PIPER SMALL IS A BLOGGER/WRITER BASED IN THE WESTERN UNITED STATES.

SHE IS MOST INTERESTED IN TOPICS RELATED TO THE HUMAN EXPERIENCE IN MODERN LIFE, FAMILY, COMMUNITY, NATURE, SPIRITUAL PRACTICES, DEPRESSION AND PTSD.

SHE TRIES TO DO ALL THIS WITH AS MUCH HUMOR AS POSSIBLE. 

The Reality of It All

I’m exhausted this morning. Jay and I had a fight last night before going to bed.

We’re both overwhelmed and stressed by the move. My PTSD got triggered badly this week, and I feel physically and emotionally unstable and sick. My pelvic pain today and yesterday were okay thank God. I slept okay but in a separate room.

I wonder what today will bring.

I am having trouble w/ reflux again. I wonder if it’s stress. It means no alcohol, coffee, tea. I guess I’ve been living on stimulants and relaxants or at least the small rest they each bring. I’ve never been able to do much of either, but it’s felt like a small gift to myself when I’ve needed it.

I’m sure Jay isn’t doing well today. He said more things last night that triggered me, and I acted like a triggered person. I told him I didn’t think we should talk when it was so late, and he said he was exhausted and so was I. I shouldn’t have taken the bait.

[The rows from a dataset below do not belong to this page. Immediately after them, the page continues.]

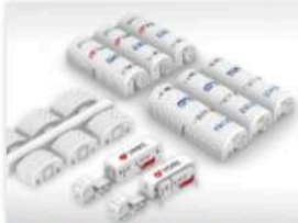
可移动式火眼实验室系列产品 Movable "Huo-Yan" Product Series
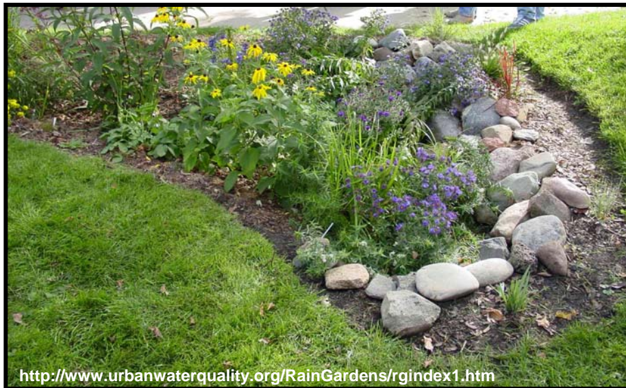
Figure 2: Rain gardens also have aesthetic value.
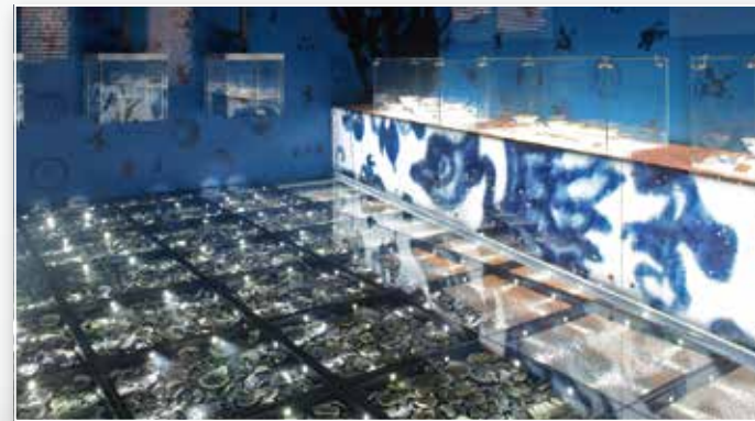
「明代」展區 "Ming Dynasty" room
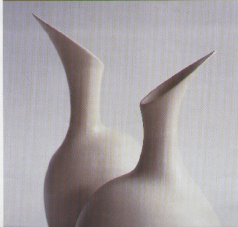
Opposite page: White side spouted winged form, 33cm/h. This page: Top: Detail, group of tall necked white vases, 38cm/h. Centre: White winged form, 25cm/h and Black winged form, 21.5cm/h. Bottom: Detail, Two white side spout forms, 23cm/h.
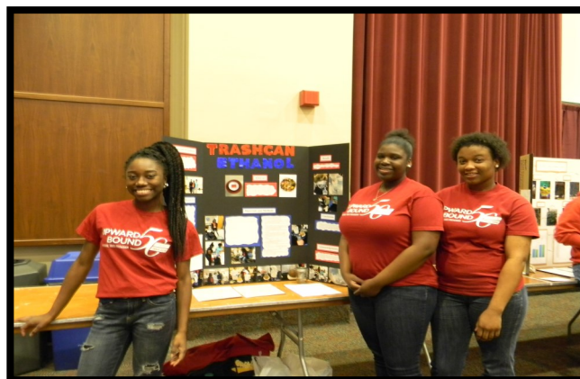
Participants stand in front of display at SIUE, presenting the results of "Trashcan Ethanol"

Research Center for their success and participation. We commend these three ladies because not only did they represent UBMS with great prowess but they also bring a greater representation to African-American women in the field of science. According to the National Center for Science and Engineering Statistics, African-American women only make up 2% of the entire Science and Engineering workforce. We are truly proud of our students!
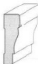
Standard Casing 11/16 x 2-1/4
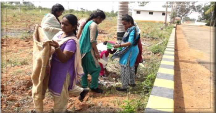
Students are in Field Work
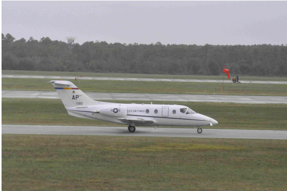
A Jayhawk of the USAF 479 th Flying Training Group based at Naval Air Station Pensacola.

The T-1A is a military adaption of the Beechcraft 400A which was originally the Mitsubishi MU-330. The military model has a beefed-up structure, a reinforced windscreen, and carries extra fuel.

This morning, I plan to walk, review my notes from my session and I guess just stumble along w/ the dozens of things on my to-do list. I don’t know if garbage got taken out yesterday at the space. I’ve been doing that for over a week now. We did talk about it with the landlord. I’m disappointed this is happening while we’re already moved in. It’s definitely a cause of my stress.

Jay is stressed all the time, it seems. It’s been that way the whole time we’ve been in business, over 20 years. I don’t know if it will ever change.

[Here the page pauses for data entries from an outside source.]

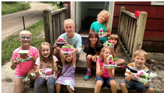
Making fairy houses
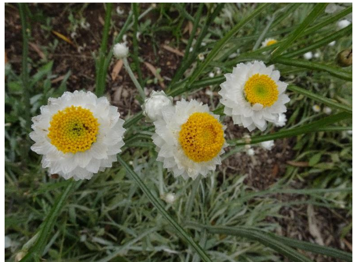
Ammobium alatum Winged Everlasting. A perennial daisy that self-seeds readily. Often considered weedy
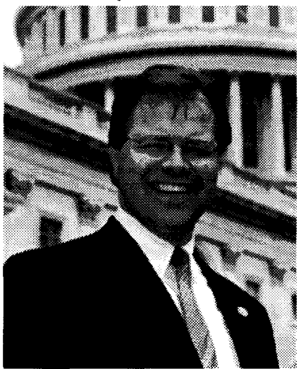
Representative Bob Schaffer (R-CO)

sounded in the past by people opposed to school choice is that such programs would rob resources from public schools. But the tax credit under consideration would actually grow resources for public schools. It would expand the funding pie and provide new dollars to supplement tax support. Think how much easier it would be for a public school to raise funds for field trips or team uniforms or band instruments if corporate or individual donors could take a significant portion of their contributions as a tax write-off. With 90 percent of schoolage children in public schools, there is every reason to expect that the bill's beneficiaries would overwhelmingly be
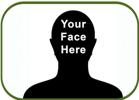
Interested in joining UPC?
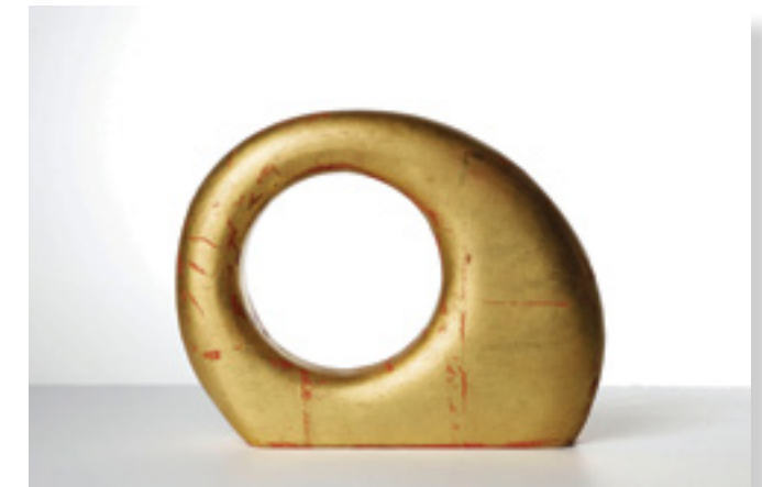
Golden Apple, 2016 Gold Leaf Over Wood 8 x 10 x 2 Inches FG©139085
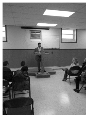
Teaching Sunday school to young boys and girls
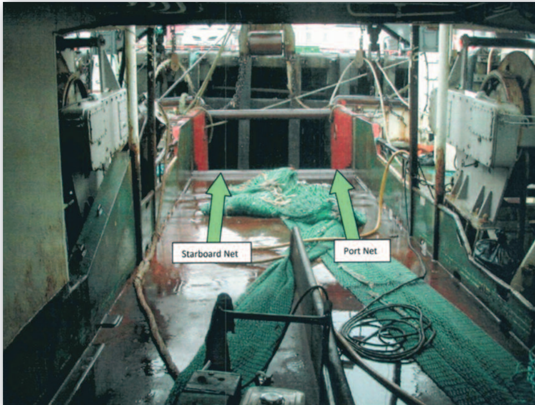
Appendix 9.5 Photo of Trawl Deck Showing Nets.

Things have been improving between us, but there is still alot of trash in there. I don’t know how it will all play out, whether we’ll ever have rest and whether I can pull of something separate from the company.

The PTSD has effectively ruined my life and ability to have a sustained focus and career, healthier relationships. It’s taken decades away from me, to this day. Today I should be out running, working on my blog or a class or whatever I’d be doing. Instead I’ll be reviewing my therapy notes, trying to stay stable, repairing relationship with Jay, disconnecting from my body and mind I guess, just stumbling along. It’s finally clear to me what I’ve been doing all these years to survive. That’s about all it’s been, especially the last eight years since the kids started moving onto college and life.

I want to believe it can be redeemed, has been redeemed. Days and weeks like today feel awful and hopeless, just hopeless. I’ve had some really good weeks and even months where I’ve been making progress. I guess this is an awful season of just trying not to lose anymore ground.

*****

One thing I’ve pondered in all this… I do get to experience a high level of the rupture/repair pattern in a relationship.